YOUR OBJECTIVE: Nothing but the lines from the one containing "Campana con yugo de hierro de una sola pieza" to the end of the data should be returned, each exactly as written.

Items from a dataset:
────────

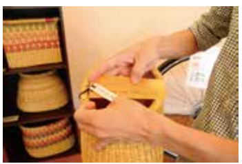
ガーナ製の手編みバスケットはイネ科の植物を使っているのに雨にも強いそうです。

〈まいど扇町 MAP⑨〉オレンジ色のお店の前にはいつも目を引く看板があつて、今日は「B 魚のかばやき」だけの表示。気になる「A」はハンバーグで売り切れ、残念。扇町商工振興会直営のコミュニティーショップです。さんまのかばやき、文句無く美味しかったです!
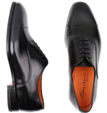
Santoni Lædersko 5.500 kr.
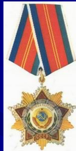
орденом Дружбы народов
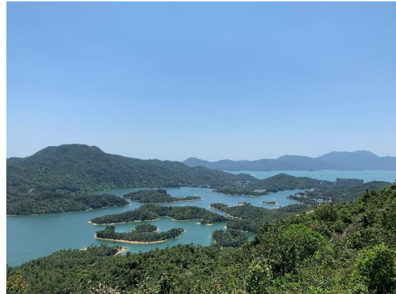
<千島湖清景台からの景色>

今回は、新界エリア西北部にある大欖郊野公園のハイキングコースを紹介いたします。ここは、道が整備され緩やかな登りが続くため、初心者でも歩きやすいコースです。今回私もチャレンジしましたが、ハイキングブームもあり、登山道は人出が多い印象を受けましたが、片道1時間半程度で、千島湖清景台へ到着し、大欖涌水塘（貯水池）を臨む絶景を目にすることができ、良いリフレッシュになりました。
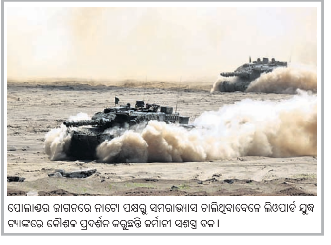
ପୋଲିସ୍‌ର କାର୍ଯ୍ୟକ୍ରମରେ ନାଟୋ ପକ୍ଷରୁ ସମରାଜ୍ୟ ସାମିଲିତାରେଲେ ଲିଓପାର୍ଟ୍ ସୂଚ୍ୟ ଟ୍ୟାଙ୍କରେ ବୈଶାକ ପ୍ରଦର୍ଶନ କରୁଛନ୍ତି କର୍ମୀମାନେ ସଶସ୍ତ୍ର ବଳ।
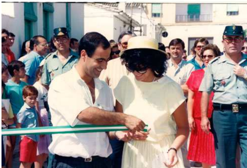
Miss Huelma 1987. Inaugurando Expohuelma.

En este año la Serranilla de Mágina se celebró el sábado 22 de agosto y al haberse celebrado elecciones municipales, hubo cambio de consistorio y la Serranilla de Mágina volvió a tomar impulso. Además, pasó a denominarse Certamen Serranilla de Mágina.
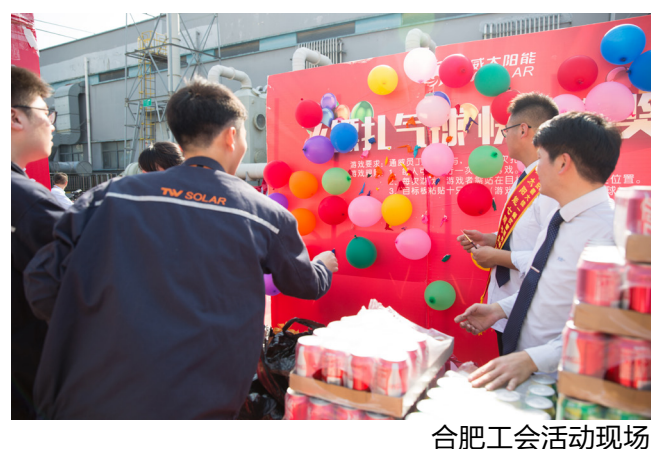
合肥工会活动现场
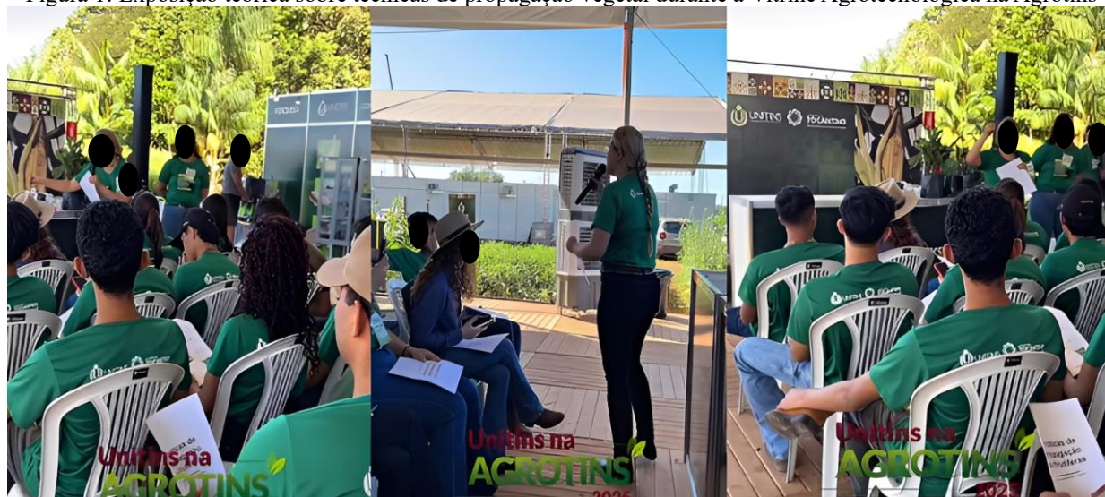
Figura 1: Exposição teórica sobre técnicas de propagação vegetal durante a Vitrine Agrotecnológica na Agrotins
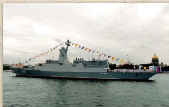
Корвет «Меркурий» в строю кораблей — участников военно-морского парада в дни празднования Дня ВМФ России. Санкт-Петербург. 2022 г.

Корабль имеет стальной гладкопалубный корпус и надстройку от борта до борта из многослойного стеклопластика. Корпус и надстройка выполнены с учетом требований технологии «стелс». Новые обводы подводной части корпуса позволили снизить на 25% сопротивление воды при движении корабля и, одновременно, потребную мощность его главной энергетической установки.
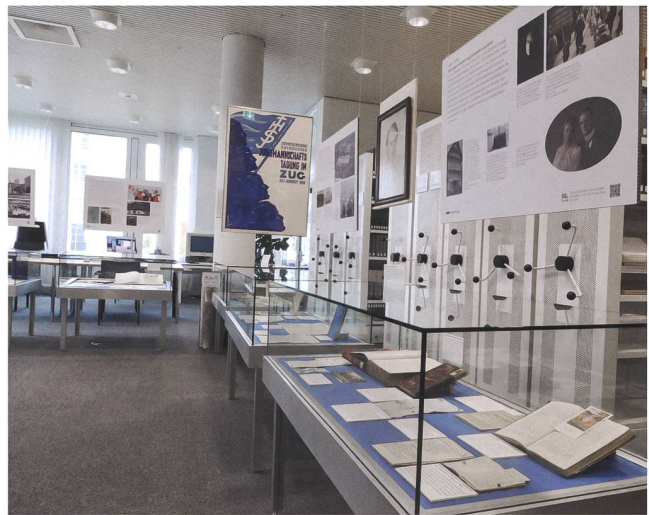
Abb. 3 Die Kabinettausstellung «Der ewige Bundesrat» über Philipp Etter von 2020 umfasste sieben Vitrinen mit Archivalien insbesondere aus dem Staatsarchiv Zug.
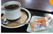
祇園坊ワッフルコーヒーセット 700円
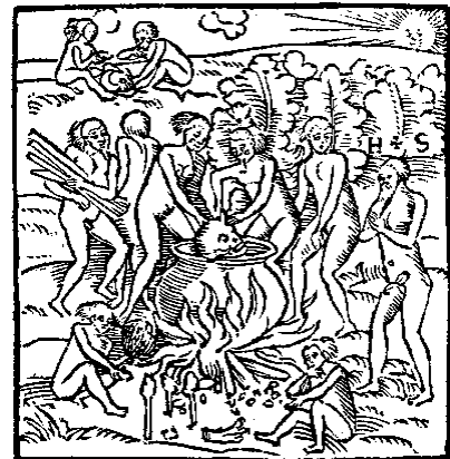
Abbildung: Ein Holzschnitt aus Stadens „Wahrhaftige Historia“

Zitat: Sie leben nackt, ohne Religion, ohne Gesetz, sie sind dumm etc. {stimmt so nicht ganz, aber ich find's nicht...}
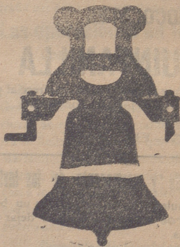
Campana con yugo de hierro de una sola pieza

Tenemos el gusto de expresar á continuación algunas de las obras realizadas en estos últimos años en Burgos y su provincia, á fin de que los que los interesen conocer esta clase de trabajos, puedan ver palpablemente la superioridad de los productos de esta casa

────────

TASK RESPONSE:
Campana con yugo de hierro de una sola pieza

Tenemos el gusto de expresar á continuación algunas de las obras realizadas en estos últimos años en Burgos y su provincia, á fin de que los que los interesen conocer esta clase de trabajos, puedan ver palpablemente la superioridad de los productos de esta casa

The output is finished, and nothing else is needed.